When we were engaged, our friends bought us The Navigator’s Council. It’s a weekly journal that helps couples touch base and grow together. Each week, it goes through six, simple questions, your schedule for the week, and a quick reading/devotional. The book does follow christian values, which I know isn’t for everyone, but it really helped Brian and I learn some key things during our first year as husband and wife.
- Check in with your spouse
If anything, this journal taught us to check in with each other. It doesn’t have to be constant, but having this journal gave us a set day each week to go through our schedules and talk about our lives. Some week’s we fly through our reading and questions, and other weeks, we have great talks about what we loved about the week and what we are looking forward to. Either way, we’ve learned that touching base every now and then is important to us.
- Set expectations for your relationship
This was something we learned pretty recently while reading a devotional, and it is great advice! Before going into a situation or even the week, talk about your expectations. For example, if you are going to hang with friends, you can say something like, “My expectations are to have a few drinks, and leave by 11pm.” The expectations doesn’t need to be grand, but if your partner understands your expectations, they can meet them. If they don’t understand them, you both could be disappointed in some situations.
- Yes, communication is key, but so is listening
This one is cliche, but true. Communicating during the happy, sad and hard times can sometimes be difficult, but it’s very important. Tell your partner what made you happy, what upset you, or what you’re looking forward to. As a partner, listen and learn from your conversations. This will help you understand each other more, even in small everyday situations.

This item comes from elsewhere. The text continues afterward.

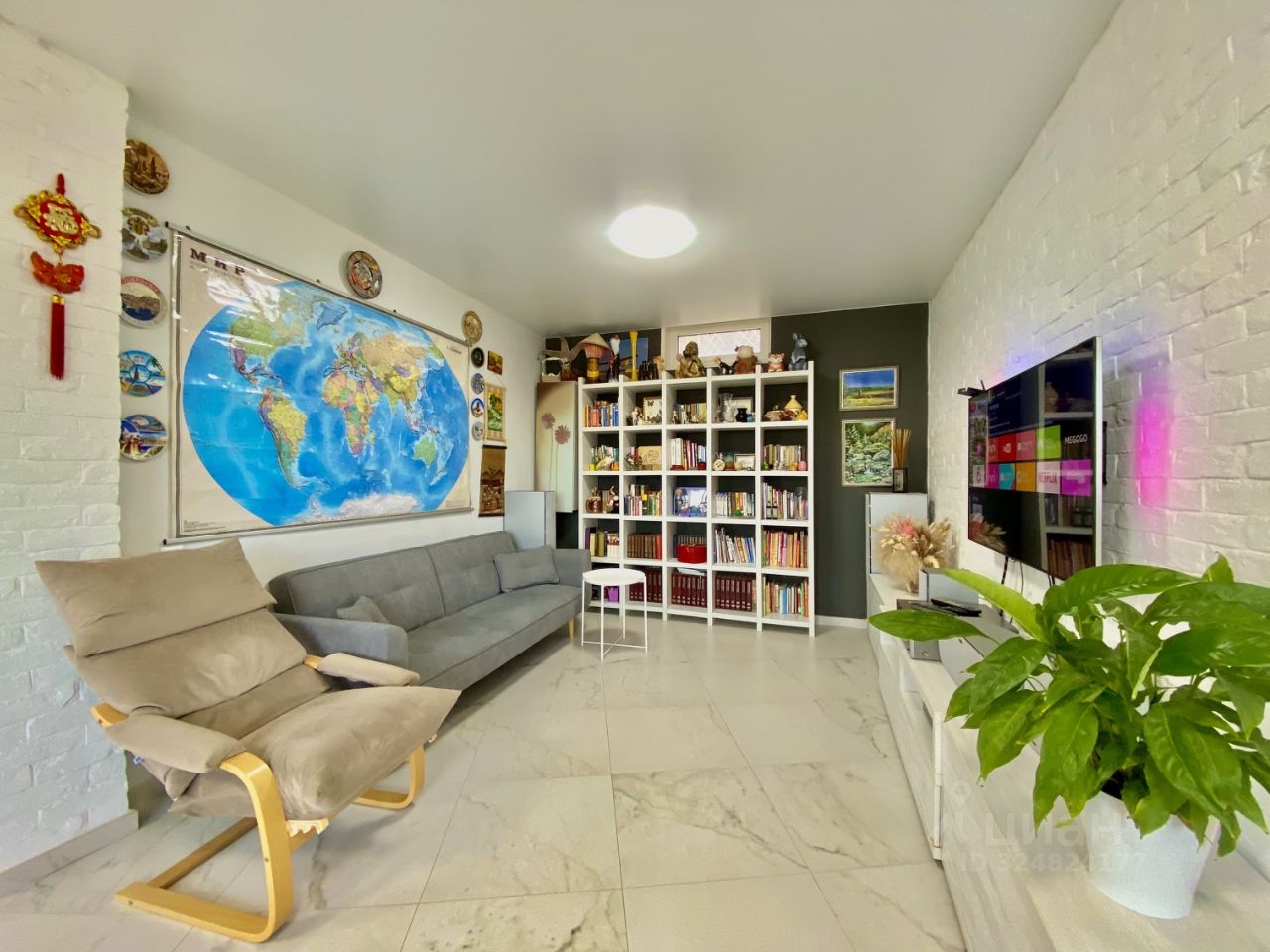 -Гостиная: обеденный стол, стулья, раскладной диван, кресло, Smart телевизор, книжный шкаф, выход на балкон

- Stop comparing yourselves to other couples
This is something that we are constantly working on. Reading The Navigator’s Council hasn’t really taught us this, but sharing it with others has. Brian and I have both told our friends about the book; some thought it was interesting and wanted to know more, others thought is sounded kinda silly. But, what telling others about the journal has taught us, is that every single relationship is different. What works for us as a family, might not work for others, and that’s OK!

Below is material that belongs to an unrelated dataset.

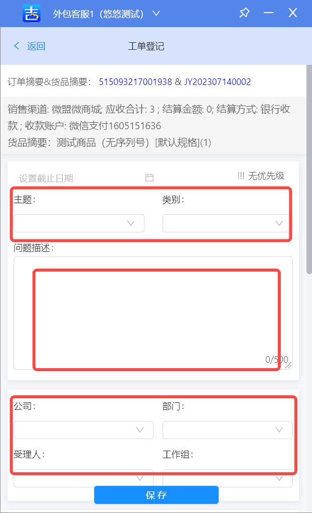 【说明】没有购买的客户系统是没有客户信息的,所以需要先建立客户信息,再建工单。

- You’re constantly changing, and so should your relationship
Last, but certainly not least, the only constant in a relationship is change. This is something we read in a weekly devotion, and it really resinated with us. Through out your relationship, many things will change. You might get a new job, buy a house, have a baby, buy another house, the list goes on! Some change will be good, some will be bad, but the one thing that will remain is your family. Embrace the change and let it mold your relationship. In 10 years, you will not be the same person you are today, and neither will your spouse! You need to grow together and love each other in all of your forms.
These are just some of the many things that we have learned from journaling together over the past year, and we are excited to continue doing it!